Role of translation initiation factor 4G in lifespan regulation and age-related health

Abstract

Inhibiting expression of eukaryotic translation initiation factor 4G (eIF4G) arrests normal development but extends lifespan when suppressed during adulthood. In addition to reducing overall translation, inhibition alters the stoichiometry of mRNA translation in favor of genes important for responding to stress and against those associated with growth and reproduction in C. elegans. In humans, aberrant expression of eIF4G is associated with certain forms of cancer and neurodegeneration. Here we review what is known about the roles of eIF4G in molecular, cellular, and organismal contexts. Also discussed are the gaps in understanding of this factor, particularly with regard to the roles of specific forms of expression in individual tissues and the importance of understanding eIF4G for development of potential therapeutic applications.

Keywords: Ageing; IFG-1; Longevity; Protein synthesis; Translation initiation; eIF4G.

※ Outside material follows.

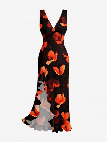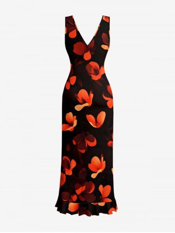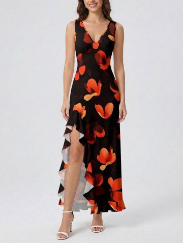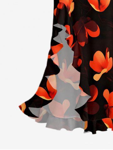 Graphic Dresses > Petal Flower Print Hawaii Ruffles Split Dress

Figure 1. Comparisons of eIF4G across species

Protein structures of eIF4G for different species aligned using the most highly conserved middle domain of eukaryotic initiation factor 4G (MIF4G; blue). Percent sequence conservation across the forms is indicated at the bottom of the alignment. DAP5 was included based on homology with both human eIF4G-I and –II. Conserved binding domains for eIF4E (orange), eIF3 and/or eIF4A (pink; yellow for second eIF4A binding site), and PABP (green) are shown. Putative PABP (light green) and eIF4E (light orange) binding sites are also indicated in the C. elegans IFG-1 isoform A and D (p170 and p130 respectively). The conservation of putative binding domains for eIF4A and eIF3, although presumably present, were not definitively identified in C. elegans and yeast. Cleavage sites for protease 2A, caspase-3, and caspase CED-3 (C. elegans) are shown in grey. The MA-3 and eIF4G domain (MI; purple) represents a homologous sequence between human and wheat eIF4G isoforms which has not been identified in C. elegans or yeast. See Supplemental Table 1 for amino acid binding sites. CLC Workbench 6.8.2 alignment.